Caps was a decent try at innovation but many other people have noted the problems since it came out 2 years ago.

They haven't been touting it much.

 

Chessplayer2093

Mediocre at best... I'm just scared that chess.com uses it to catch cheaters. They will get so many false positives or false negatives. It shouldn't be used for analysing games at all but they used it for the WCC and declared Caruana won by quite some margin which is just bs.

Deranged

CAPS is pretty useless. I've had a 99.8 CAPS one game and a 50 CAPS the very next game. There's never any kind of consistency.

Rook_Handler

@chessplayer2093,

You are committing a part-to-whole fallacy. Your statement that if CAPS isn't accurate while measuring one game it can't be accurate measuring a span of games is incorrect. That is not necessarily true.

Chessplayer2093

Apparently I didn't elaborate enough on what I meant. It also doesn't work for 12 games. What is the number of games where it starts being even remotely accurate? 

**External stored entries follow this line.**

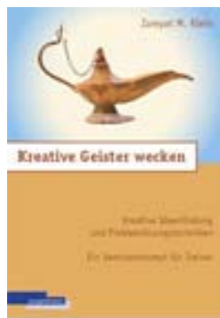
Kreative Geister wecken Kreative Ideenfindung
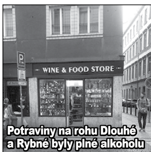
Potraviny na rohu Dlouhé a Rybné byly plné alkoholu

Na Malé Straně je to s občanskou vybaveností vůbec bída, a tak pro pečivo a potraviny chodím na Staré Město. Proto mě zarazilo, že někdo může vážně uvažovat o tom, že by oblíbená Jizerská pekárna v nebytovém prostoru Prahy 1 na rohu Dlouhé a Dušní měla být nahrazena bageterií nebo nějakým jiným podnikem pro turisty. Už před deseti lety se konala petice za zachování tohoto obchodu a jsem jediné ráda, že tentokrát to
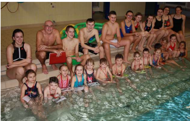
Teilnehmer und Ausbilder der Neuanfänger-Gruppe S1 ...

Umfangreiche Baumaßnahmen in der Hans-Thoma-Schule, waren der Grund, weshalb unser Übungsbetrieb im Lehrschwimmbecken von Juli bis zum Jahresende 2019 ausgesetzt werden mussten. Der gesamte Sportbereich der Schule konnte während dieser Zeit nicht beheizt werden. Jugendliche und Betreuer brannten nach dieser Zwangspause darauf, den Übungsbetrieb nach den Weihnachtsferien wieder aufzunehmen. So konnten wir mit rund dreimonatiger Verzögerung unsere laufenden Anfängerschwimmkurse beenden und am 23. Januar mit den neuen Kursen beginnen.
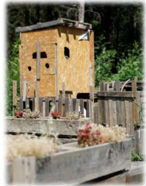
Abbildung 12: co.natur gGmbH Waldkindergarten Heimsheim

Aufgrund der Autarkie bietet es sich bei uns an, das Thema Umwelt- und Naturschutz immer im Alltag zu thematisieren. Es beginnt damit, dass wir Feuer brauchen, damit es uns warm ist und wir kochen und abwaschen können. Somit gehen die Kinder regelmäßig kleines Brennholz zum Anfeuern suchen und wir thematisieren dabei die Kreisläufe in der Natur und wieso die Pflanzen so wichtig für uns sind. Es gibt auch kein fließendes Wasser. Das bedeutet, wir gehen sparsam und effektiv mit dem Wasser um, was wir haben. Wir fangen Regenwasser auf, um die Beete zu gießen. Auch das Wasser vom Händewaschen (mit biolog. Seife) fangen wir auf und gießen damit unsere Sträucher. Wir erhitzen Wasser, um zu kochen und Geschirr zu spülen. Wir sind uns der Endlichkeit unserer Ressourcen im Alltag bewusst und leben sparsam und nachhaltig.
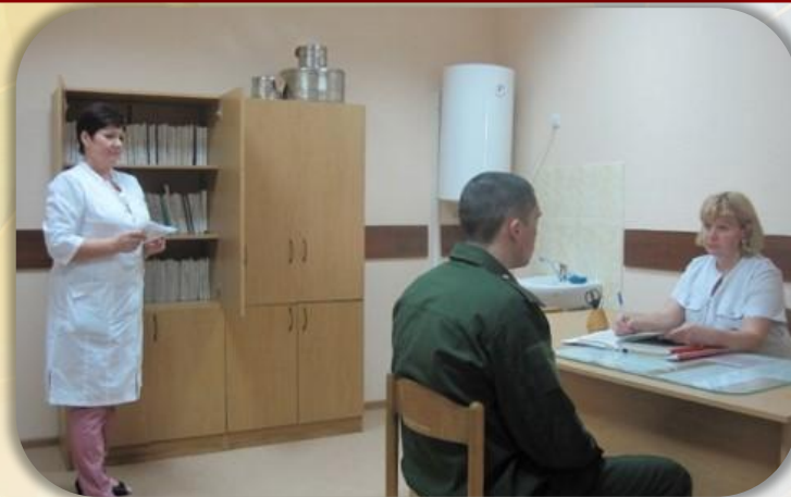
Регистратура, первичный осмотр
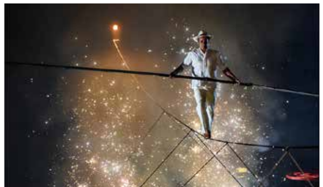
Compagnie « La Coupole ».

Spectacle « Les cinq éléments » par la compagnie « La Coupole » : à l'occasion de la fête de la Sainte Barbe, patronne des mineurs, le Musée-mine départemental a confié à « La Coupole », compagnie circassienne implantée sur le territoire carmausin, la création du spectacle « Les cinq éléments ». Le bois, le feu, la terre, le métal, l'eau... Le cheval, la lumière, l'homme, la musique, l'air... Cinq processus fondamentaux, cinq caractéristiques, cinq phases d'un même cycle pour évoquer, transcender, magnifier le métier de mineur de fond.
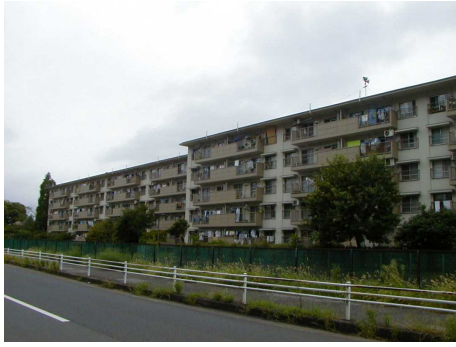
◆みさと団地の中層棟 早い年代に建てられた棟で、5階建てが建ち並んでいる。
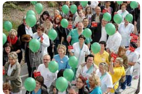
Der Protest der Krankenhausmitarbeiter

Am 23. September fand in Berlin eine zentrale Kundgebung gegen das geplante Krankenhausstrukturgesetz statt, das kleine Krankenhäuser gefährdet. Mit einer „Aktiven Mittagspause“ vor Ort in Dessau flankierten 90 Mitarbeitende des Diakonissenkrankenhauses Dessau (DKD) und der Landeskirche Anhalts die zentrale Kundgebung in Berlin. Der unter dem Motto „Krankenhaus-Reform - So nicht!“ stehende Protest am Brandenburger Tor wurde im Rahmen des Krankenhausaktionstages bundesweit von hunderten Krankenhäusern unterstützt. 15 Mitarbeitende des DKD waren nach Berlin gefahren. Bereits im Oktober soll das umstrittene Gesetz im Bundestag beschlossen werden. Die Aktionen waren daher getragen von der Möglichkeit der Einflussnahme in letzter Minute.
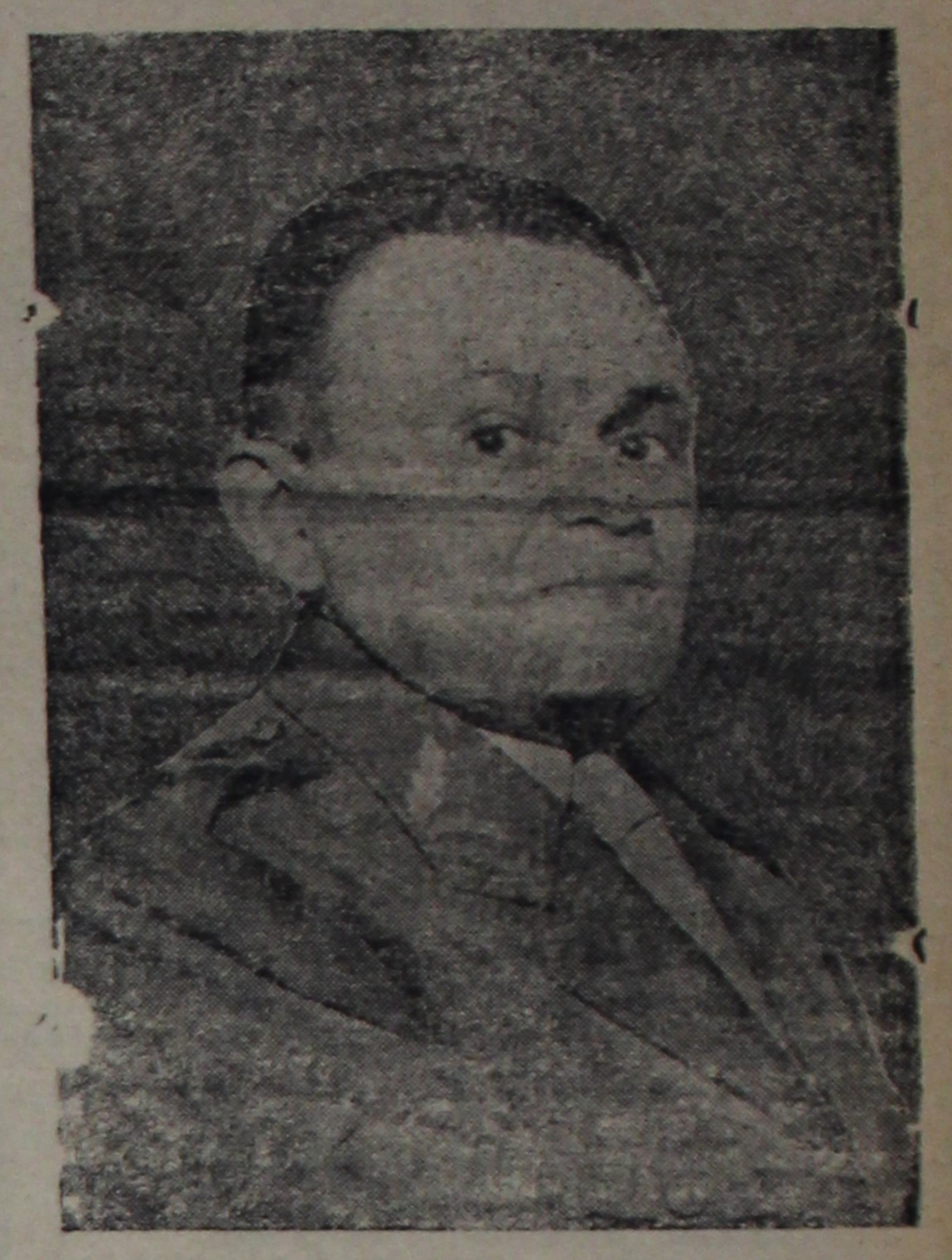
BRASILIA, 8 — O Palácio do Planalto confirmou que o Presidente Castelo Branco fará importante discurso na próxima quinta-feira, em Niterói, onde irá receber o título de Cidadão Fluminense que lhe foi concedido pela Assembléa Legislativa do Estado do Rio. O Presidente na ocasião abordará a política administrativa do governo, fazendo um balanço das atividades desenvolvidas até agora.

RIO, 8 — O Ministro da Guerra resolveu aceitar o convite do governo português para visitar o país. O Gen. Costa e Silva seguirá dia 25. Fonte do Ministério da Guerra informou que o Ministro poderá es-

And since it is inaccurate for a set of at least 12 games and definitely for one game, how does it level out its mistakes? 

IMKeto

CAPs scores allow 1000 players to think they played like a GM.

Its an ego feed, thats all.

Martin_Stahl

Pretty much like any statistics, you need a large sample to get reasonable information. A high CAPS average over a large number of games would potentially be useful. However, in some games, CAPS can be high due to lack of options and really isn't very useful (forced moves that probably should not count.) 

 

As to consistency, a lot of players are not consistent and fluctuations in scores is expected, with less as a player becomes stronger.

Chessplayer2093

Yes, many statistics need a large sample size to produce reasonable information. The reason are outliers that have a big impact on a small sample size. But there is a big difference. With these statistics (let's say average amount of points scored during an American football game) the outliers do occurr naturally. The method how you obtain that information is usually accurate and reliable. With CAPS you don't just have changes from game to game due to one's changing accuracy of moves from game to game but also a method that doesn't produce reasonable results for estimating the accuracy of a player in one game.

For example: Let's go back to the Football example. A game ends 38-29. The average is obviously 33.5. You can reliably measure that and if you take a hundred more games, you'll get a reasonable estimate for the average number of points scored in a football game. But CAPS would measure something like “50-26“ and say “Oh, the average is 38“. That's what I mean by “If it is wrong for one game, how can it be accurate for a large sample“. How are the flaws in measuring quality of play accounted for in a large sample? Because it seems that CAPS is biased in certain positions and that's why it doesn't deliver accurate results. It is not a part-to-whole fallacy @Tebow2Baker. If the method of measuring quality of play is wrong, why would it suddenly be correct for a large sample?